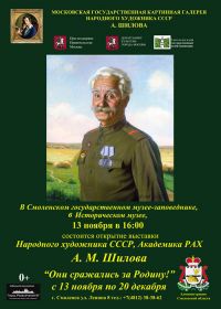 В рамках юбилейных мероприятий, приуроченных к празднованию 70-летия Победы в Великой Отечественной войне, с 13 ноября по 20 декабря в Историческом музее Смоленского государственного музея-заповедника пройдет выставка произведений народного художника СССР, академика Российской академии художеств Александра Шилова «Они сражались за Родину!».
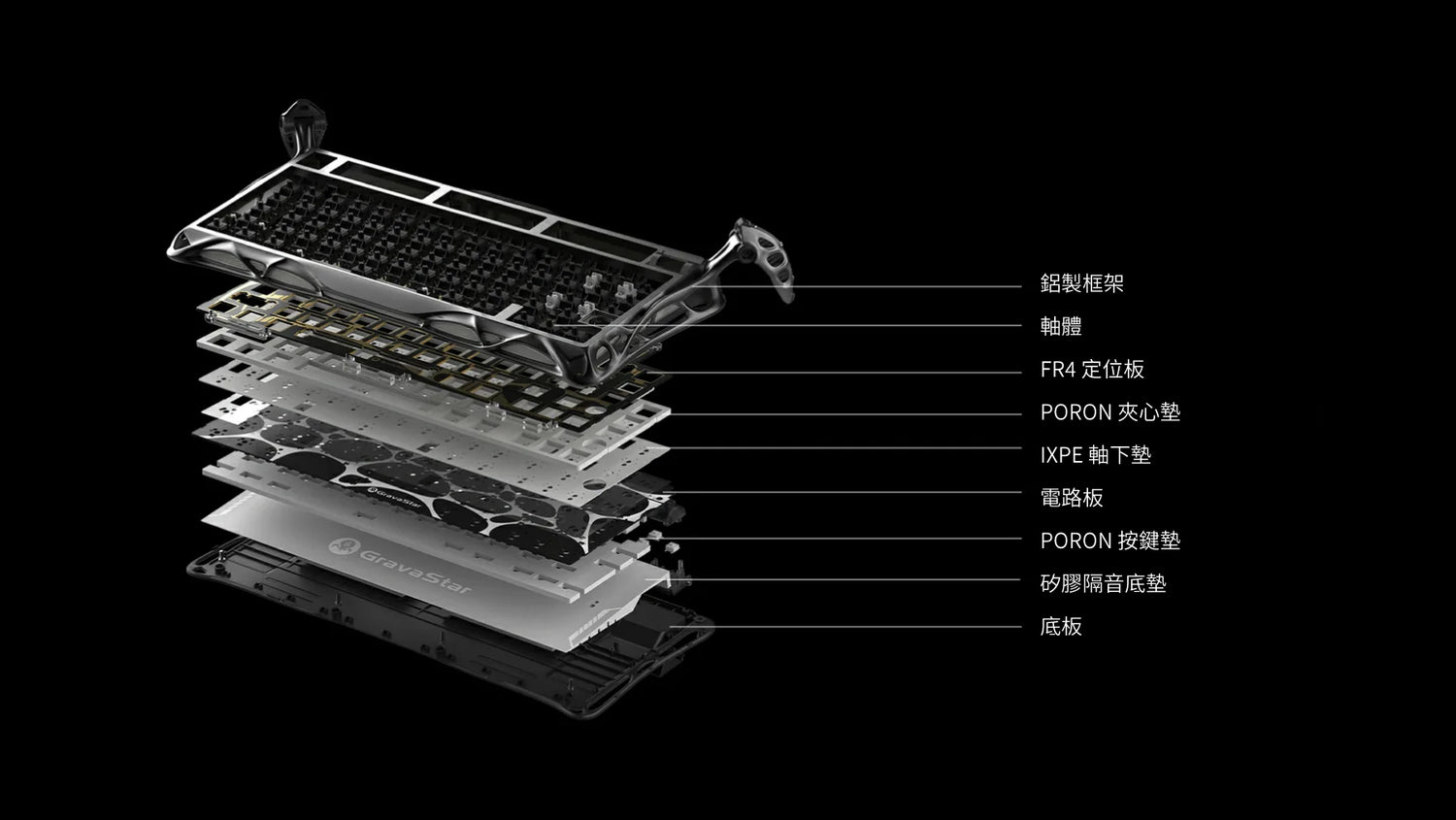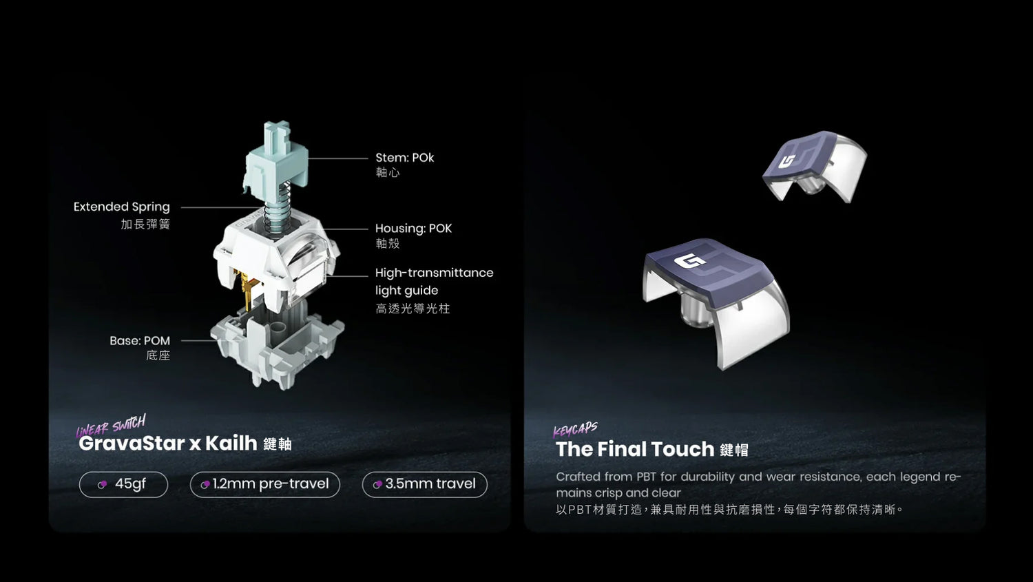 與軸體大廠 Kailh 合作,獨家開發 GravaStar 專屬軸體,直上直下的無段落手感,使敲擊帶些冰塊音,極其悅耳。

* * *

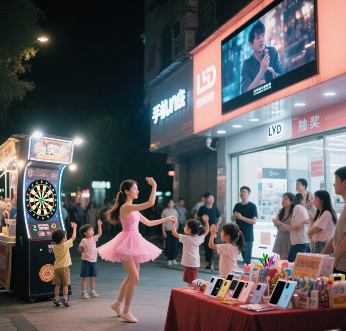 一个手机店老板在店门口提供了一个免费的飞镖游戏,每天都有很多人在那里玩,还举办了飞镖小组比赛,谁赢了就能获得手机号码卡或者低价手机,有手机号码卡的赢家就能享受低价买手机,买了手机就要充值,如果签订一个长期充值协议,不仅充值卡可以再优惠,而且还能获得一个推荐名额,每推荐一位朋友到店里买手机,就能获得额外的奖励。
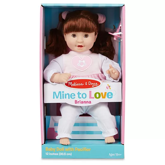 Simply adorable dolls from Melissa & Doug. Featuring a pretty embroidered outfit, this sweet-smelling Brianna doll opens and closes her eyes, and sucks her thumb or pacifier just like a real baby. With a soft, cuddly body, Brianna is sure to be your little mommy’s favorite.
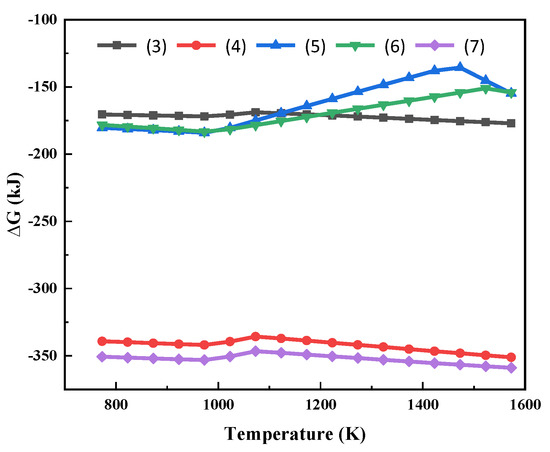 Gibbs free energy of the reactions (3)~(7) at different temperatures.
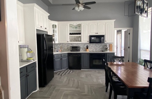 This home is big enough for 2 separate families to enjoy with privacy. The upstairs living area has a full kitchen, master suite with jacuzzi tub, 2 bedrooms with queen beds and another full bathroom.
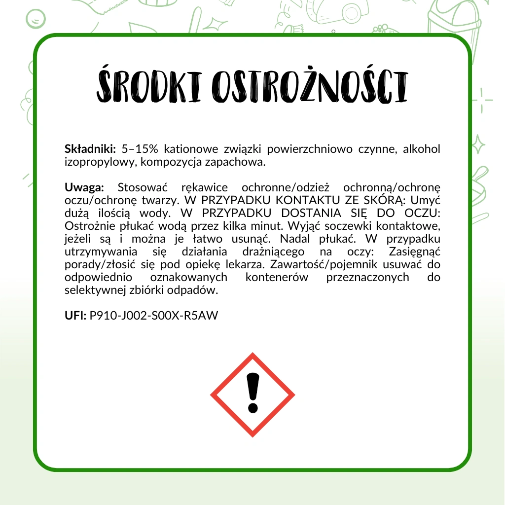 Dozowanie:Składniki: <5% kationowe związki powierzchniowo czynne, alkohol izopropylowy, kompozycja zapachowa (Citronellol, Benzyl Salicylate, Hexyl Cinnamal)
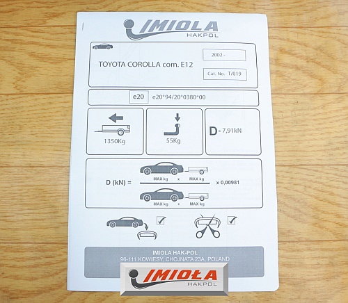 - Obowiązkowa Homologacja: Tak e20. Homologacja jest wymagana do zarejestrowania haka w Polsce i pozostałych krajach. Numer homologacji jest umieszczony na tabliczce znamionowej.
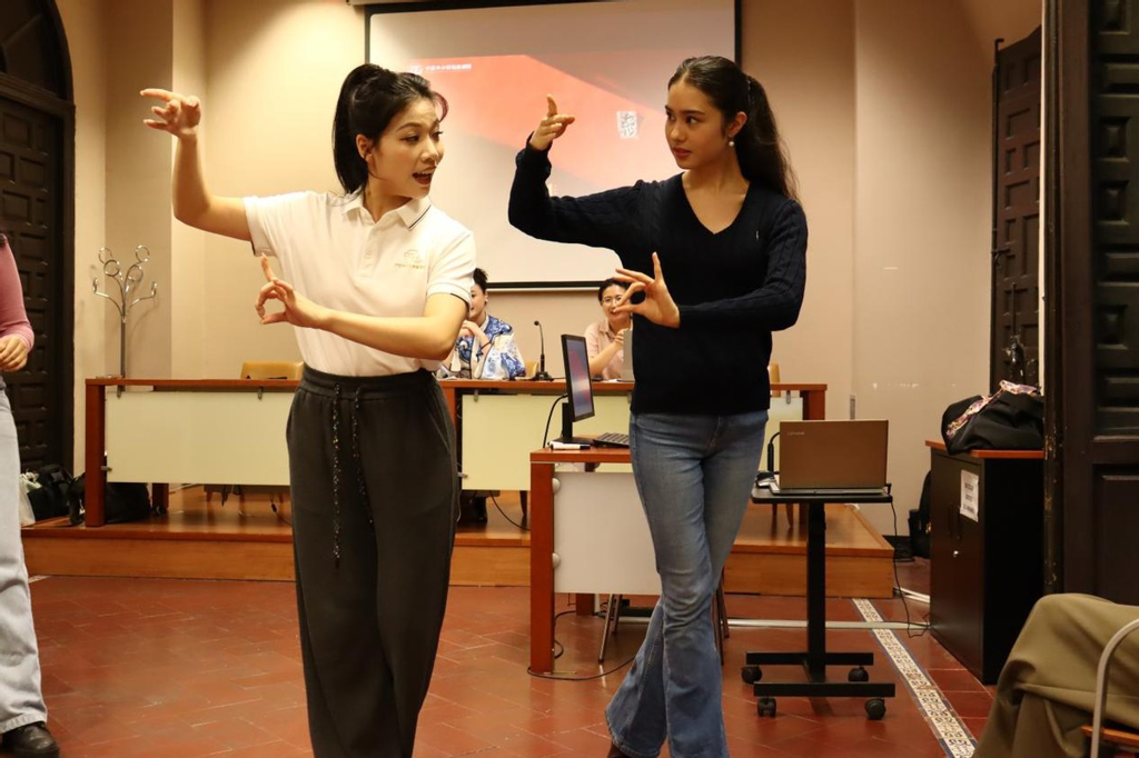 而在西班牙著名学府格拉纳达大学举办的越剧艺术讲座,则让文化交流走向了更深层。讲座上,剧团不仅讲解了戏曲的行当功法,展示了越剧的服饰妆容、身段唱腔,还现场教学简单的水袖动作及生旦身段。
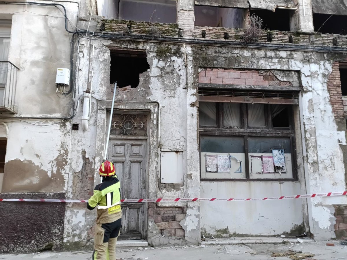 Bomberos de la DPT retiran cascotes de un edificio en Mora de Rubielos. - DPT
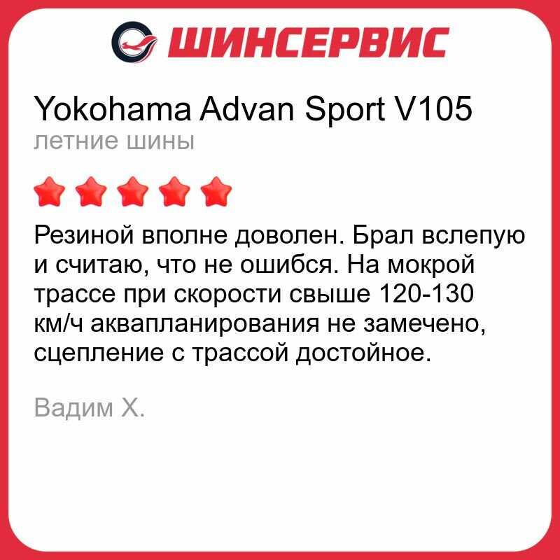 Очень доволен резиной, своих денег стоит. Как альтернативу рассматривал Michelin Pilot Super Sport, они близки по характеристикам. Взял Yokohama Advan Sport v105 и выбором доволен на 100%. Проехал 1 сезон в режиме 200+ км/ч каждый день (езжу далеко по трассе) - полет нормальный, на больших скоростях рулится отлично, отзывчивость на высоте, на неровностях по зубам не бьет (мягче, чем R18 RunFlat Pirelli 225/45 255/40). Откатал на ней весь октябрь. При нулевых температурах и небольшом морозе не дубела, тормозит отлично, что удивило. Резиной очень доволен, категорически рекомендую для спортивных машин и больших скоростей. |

--

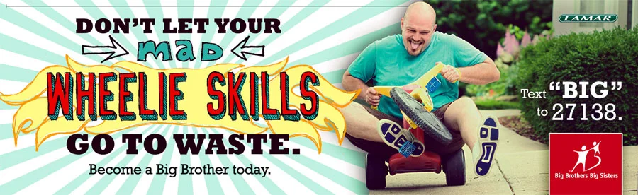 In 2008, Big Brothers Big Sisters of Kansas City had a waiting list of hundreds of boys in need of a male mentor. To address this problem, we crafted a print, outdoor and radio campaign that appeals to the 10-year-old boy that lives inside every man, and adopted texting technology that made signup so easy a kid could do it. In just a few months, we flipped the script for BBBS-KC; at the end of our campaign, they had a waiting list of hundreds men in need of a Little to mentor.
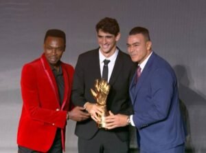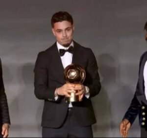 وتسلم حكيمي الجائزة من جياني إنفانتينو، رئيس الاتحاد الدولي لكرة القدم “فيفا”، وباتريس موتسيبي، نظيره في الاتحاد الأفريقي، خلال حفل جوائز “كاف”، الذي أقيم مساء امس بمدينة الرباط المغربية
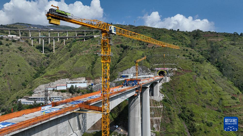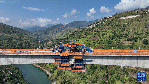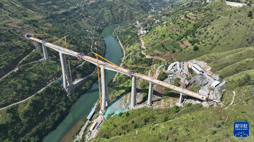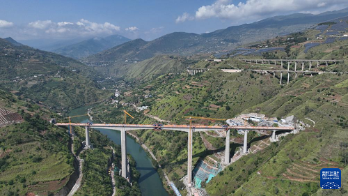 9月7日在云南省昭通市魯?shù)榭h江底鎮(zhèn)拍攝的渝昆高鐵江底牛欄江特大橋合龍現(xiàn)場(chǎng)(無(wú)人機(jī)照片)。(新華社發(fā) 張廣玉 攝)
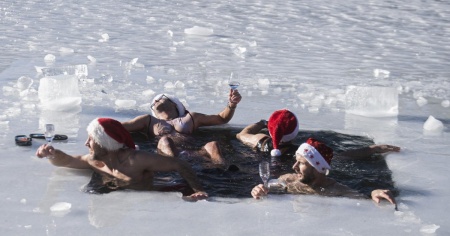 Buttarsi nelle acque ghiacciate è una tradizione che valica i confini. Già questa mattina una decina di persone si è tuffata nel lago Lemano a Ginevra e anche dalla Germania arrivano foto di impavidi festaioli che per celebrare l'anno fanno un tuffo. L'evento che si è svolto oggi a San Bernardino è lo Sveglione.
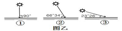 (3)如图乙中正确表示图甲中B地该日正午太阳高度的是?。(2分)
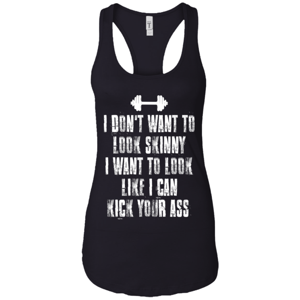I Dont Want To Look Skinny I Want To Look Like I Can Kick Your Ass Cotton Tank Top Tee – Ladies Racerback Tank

▶ **Exercise**: Looking above, find the stretch of lines that opens with the one holding "- Obowiązkowa Homologacja: Tak" and closes with the one holding "Bomberos de la". Copy it exactly, pictures excluded.

▶ **Result of the task**:
 - Obowiązkowa Homologacja: Tak e20. Homologacja jest wymagana do zarejestrowania haka w Polsce i pozostałych krajach. Numer homologacji jest umieszczony na tabliczce znamionowej.
 而在西班牙著名学府格拉纳达大学举办的越剧艺术讲座,则让文化交流走向了更深层。讲座上,剧团不仅讲解了戏曲的行当功法,展示了越剧的服饰妆容、身段唱腔,还现场教学简单的水袖动作及生旦身段。
 Bomberos de la DPT retiran cascotes de un edificio en Mora de Rubielos. - DPT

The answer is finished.